Another wrinkle, says John Barrie, a partner at law firm Bryan Cave whose practice focuses on federal and state tax controversies, is that when a company contracts for cloud services, it’s often buying a bundle that includes access to applications and platforms, data storage, support ― essentially all the activities that used to be provided by a company’s internal IT department. This exposes the purchaser to the risk that a state’s taxing authority will calibrate the sales tax to the whole cost of the contract if any one of the services is deemed taxable. One part of the service bundle, say storage, may not be taxable, but access to applications may be. But the tax will be applied to the whole contract, not just the access portion. “From a provider’s perspective,” says Barrie, “I’m giving you a, b, c, for one flat price, and I’m not collecting sales tax because it’s all over the Internet. The buyer is likely not paying tax to the state because he’s not sure what to pay until there’s an audit that comes across a line item that says you’ve paid x; you owe y. It’s really a risk-management issue.”
“As state budgets remain tight,” says Waterfield, “we anticipate that more states will attempt to include these new cloud service offerings within their tax base.”
Risk Mitigation for CFOs
If nexus arising from cloud services goes unrecognized, the consequences can be harsh.
“Do I worry about sales-tax compliance at a CFO level?” Intacct finance chief Linden asks rhetorically. “Absolutely. It’s a significant enough compliance issue and potentially carries enough dollar liability that it’s high on my agenda.
“Where CFOs go most wrong [managing SaaS] is in not thinking about where they should be collecting sales tax early enough before facing a merger or acquisition or an IPO,” says Linden. “Because by that time you may have racked up millions in tax liabilities,” which would certainly affect the deal adversely.
Jim McGeever, COO of cloud ERP provider NetSuite, has said that when his company plans an acquisition, it may have to spend up to $1.5 million simply to clean up sales-tax disputes. “Just the third-party consulting costs and advisers, costs of filing all the back returns and negotiating with each agency, it’s a very substantial process. . .expensive in terms of time, expensive in terms of money.”
How can cloud providers and users protect themselves against sales-tax snafus? “There are various ways,” says Linden. “Do your own due diligence based on state regulations, especially where you know you’ve established nexus.

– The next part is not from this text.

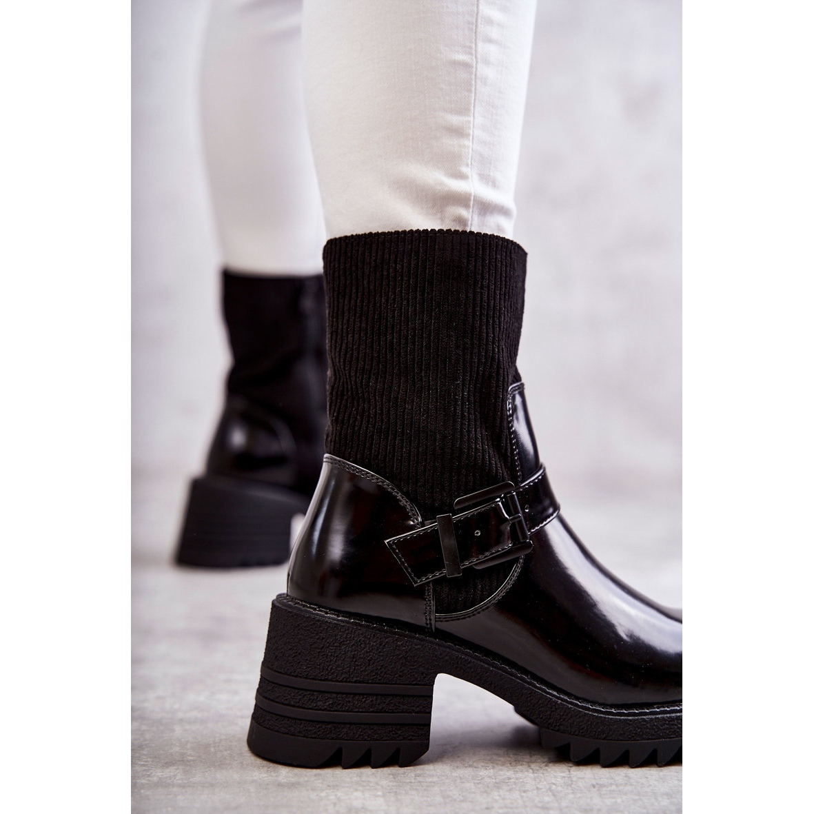 Botas elegantes e práticas criadas para dias mais frios. A combinação de couro ecológico envernizado com um material parecido com um veludo de veludo -veludo oferece a eles um caráter da moda e um tanto rock, e o isolamento na forma de um cobertor de calçados garante conforto térmico. Uma sola enorme com um piso irregular e um salto estável de 7 cm com um conforto de garantia de plataforma de 2,5 cm e uma certa etapa, enquanto uma fivela decorativa com cinto ajustável adiciona um sotaque elegante.

Hire a third-party expert where it’s ambiguous or if you have a concern.” He recalls one Intacct customer who refused to pay sales tax, claiming the product wasn’t taxable in its state. “We jointly asked for a tax ruling from the tax authority in that state,” says Linden. “The customer was right.”
Waterfield advises companies to review the issue of nexus at a minimum of once every two years. “Companies should keep their information fresh in their key states, and a quick review should occur prior to any large sale or purchase of cloud services to ensure if further [state] guidance has been released,” he says.

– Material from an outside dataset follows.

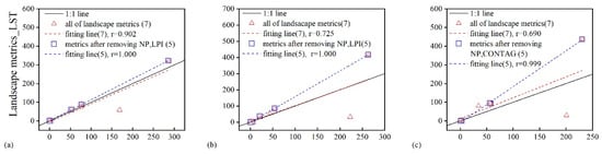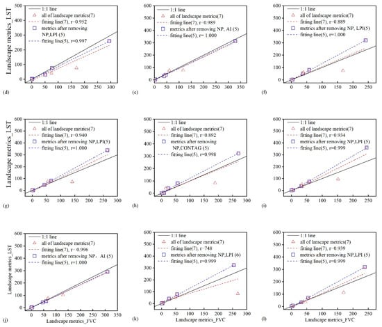 In the sample area with maximum correlation coefficient (Figure 4j), whether all seven metrics in Table 3 were used or the discrete larger metrics (NP and AI) were excluded, FVC and LST landscape pattern metrics were closely correlated (the red fitting dotted line, seven metrics; the blue fitting dotted line, five metrics), the correlation coefficients reached 0.996 and 1.000, respectively. In the sample area with minimum correlation coefficient (Figure 4c), the landscape pattern metrics of FVC and LST showed a close relation by employing the seven metrics in Table 3 with a correlation coefficient of 0.690 (the red fitting dotted line, seven metrics), and the correlation coefficient was 0.999 after excluding the larger discrete metrics NP and CONTAG (the blue fitting dotted line, five metrics).

Waterfield also suggests that purchasers of cloud services ask their providers if they plan to assess sales tax and explain the methodology they use to calculate it. He also believes that purchasers of cloud services must know in which states a provider plans to assess tax, as “the purchasing company’s nexus footprint may differ from the seller’s.” This opens the possibility that the purchaser may be receiving services in a state where the service is subject to tax but the seller doesn’t have responsibility to collect it. In that case, says Waterfield, the purchaser will have to figure out how to pay the tax itself, either by accruing for the tax liability or by simply writing a check.
In any case, one can imagine CFOs spending a lot more quality time with their tax experts in the coming months and years.